Depends on what you define as a 'cost'. A CSIRO study showed that if you cost all materials and all labor, and do all work on site (no prefabricated components), a mudbrick house and a brick veneer house of the same size and design will cost exactly the same.
Mudbricks have a very high labor content. Rammed earth (pise) and poured earth (formwork cob) are much more efficient techniques. Depending on circumstances, they need between one-half to one-fifth of the labor content per volume of wall. Therefore, even if you pay for all labour, a rammed earth or poured earth house is cheaper than a brick veneer.
If you do some or all of the work yourself, you can trade off between time and cash. My house cost me $10,000 for materials, and nothing for labour (though I bartered work in various ways). Others have built even cheaper. Mudbricks are cheaper than other earth building techniques. Rammed earth often needs cement, and even a small proportion like 5% adds up when you build a whole house with 12 inch thick walls. Poured earth using sandly soil needs even more cement. Both these techniques need formwork, which also costs money.
3. What is better, adobe or pise?
Currently, I am displaying a section from the Earth Garden Building Book discussing this issue.
4. How much can I expect to pay for suitable soil?
use a self-propelling rotary hoe to break up the soil,
Earth Garden Building Book
Low environmental cost is one of the benefits of building with earth, provided you use the soil right there, on the site. Middleton, in Build your House of Earth estimated that all the exterior and interor walls of a mudbrick house can be built from six inches of soil removed from the site. Levelling a slightly sloping site will give you more than enough raw material for the walls, provided you don't mix up different layers. Or you can excavate a hole for an in-ground swimming pool.
Soil is heavy. Carting it around converts fossil fuel into air pollution.
A suitable technique can be found or developed for ANY soil.
Of course, building with some soils is very hard work. If your building block has heavy, sticky alluvial clay, your mudbricks will be excellent but making them may wear you out. The solution might be to sell the block and buy elsewhere. This is better than carting many tons of stuff. Or you can reduce the labour content and difficulty through ingenuity, for example
use a self-propelling rotary hoe to break up the soil,
The Earth Garden Building Bookhas many such ideas, and you will find even more in back issues of EARTH GARDEN magazine.

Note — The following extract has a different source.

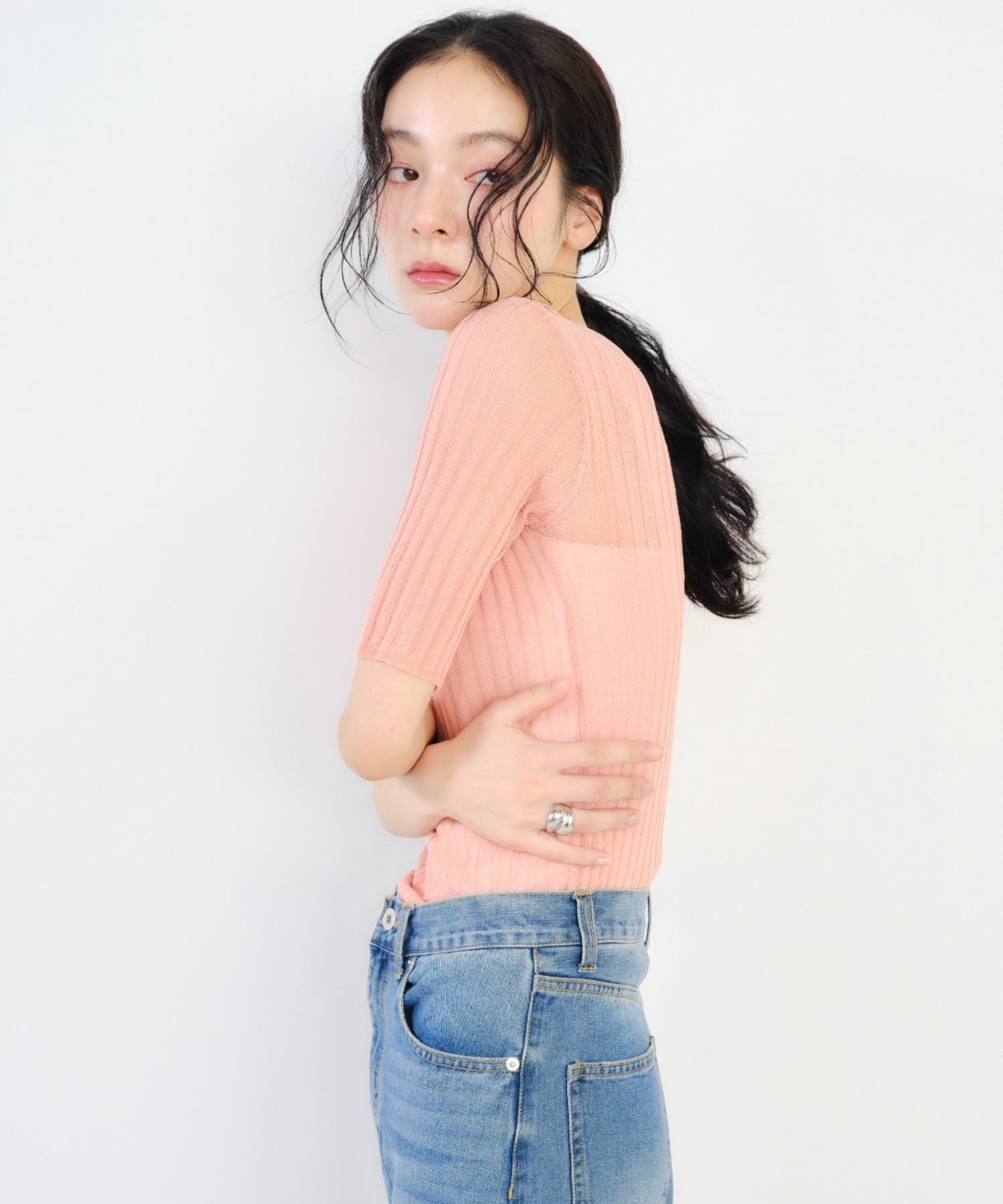 ・程よく体にフィットするリブ編みデザインで、

5. Are earth walls good insulation?
Thermal insulation uses one of two processes. Reflective foil bounces electromagnetic radiation back instead of letting it pass through or absorbing it. It must have a 1 cm (half-inch) air gap next to the shiny surface, or it won't work. A double-sided sheet of 'RFL' with an air gap on each side and no dust on it has an insulating value of 'R1.5'.
Bulk insulation works by trapping air. What traps the air is immaterial. Fibreglass and rockwool are the usual, which is a pity because they have very high energy costs of manufacture. ANY fireproof substance will do: scrap wool or shredded paper treated with a borax-based mix are examples. A one inch layer of bulk insulation has a value of R1.5.
A 12 inch thick earth wall has perhaps one-third of the insulating value of double-sided, properly installed RFL.
Nevertheless, an earth-walled house can be cool in summer, easy to heat in winter, at least in the range of climates found in non-tropical Australia, and in desert regions. This is because the thermal mass of the solid walls evens out temperature fluctuations. (Thermal mass works like a hot water bottle.)
In places with very cold winters, eg., in much of North America, a cavity wall would seem to be essential: two walls close together, enclosing a (say) two-inch thick air space. Insulation can be placed within this cavity.
Trapping air within the earth wall enormously improves its insulating properties, without sacrificing thermal mass. I have built a poured earth wall where I enclosed empty bottles within the mix. About half the volume of the wall is air. The result is an ideal mix of insulation and heat storage.
6. What is 'poured earth'?
The Earth Builder's Handbook (available from EARTH GARDEN magazine) contains a description. The technical name for 'poured earth' is formwork cob , and it is discussed under that heading in the Earth Garden Building Book . Several back issues of Earth Garden magazine have relevant articles, and one has appeared in OWNER BUILDER magazine.
Poured earth can be done with any kind of soil, but the technique has to be adapted.
Clay soils In effect, you make mudbricks directly on the wall. The layer you pour almost welds to the previous layer, and need never be moved again. It dries perhaps three times as fast as mudbricks, because the moisture soaks into the wall below the current layer. You should go up in 6 to 8 inch (150 to 200 mm) rises. The formwork can be relatively flimsy as long as it is well braced at regular intervals. Cut the mud with a trowel, or insert temporary dividers, at approximately mudbrick-length intervals, staggering these from course to course.
Sandy soils You can go up in rises as high as is convenient, though the higher you go in one step, the stronger your formwork needs to be (to resist hydrostatic pressure). The mud can be mixed in a cement mixer. You need to add cement (determine the proportion through small-scale experimental samples). In effect, you are making a half-strength concrete wall. Do not make the concrete too strong, because then you are reducing thermal insulation and make a hard, sound-bouncing surface that is not nice to live with. Use the lowest cement content that gives a durable wall. The test is: Let the wall cure for at least two weeks, even longer if possible. Then scratch it hard with a metal object like a nail. You should not be able to gouge out to more than a quarter inch (6 mm) depth.
7. How do you build a house from
The new, 4th edition of the Earth Garden Building Book has a chapter on the topic by John Glassford. His web site is http://strawbale.archinet.com.au/Building.htm
The definitive list of links relating to strawbale construction is at Strawbale Construction in the Colorado Rockies www.moxvox.com/straw.html .
My only additions are:
a) Straw and hay are different. Hay rots far more readily. You can't build with it.
b) Keep your straw bales dry at all times . Every precaution must be made for this.
c) It is environmentally unfriendly to transport bales over a long distance. Use the source closest to you.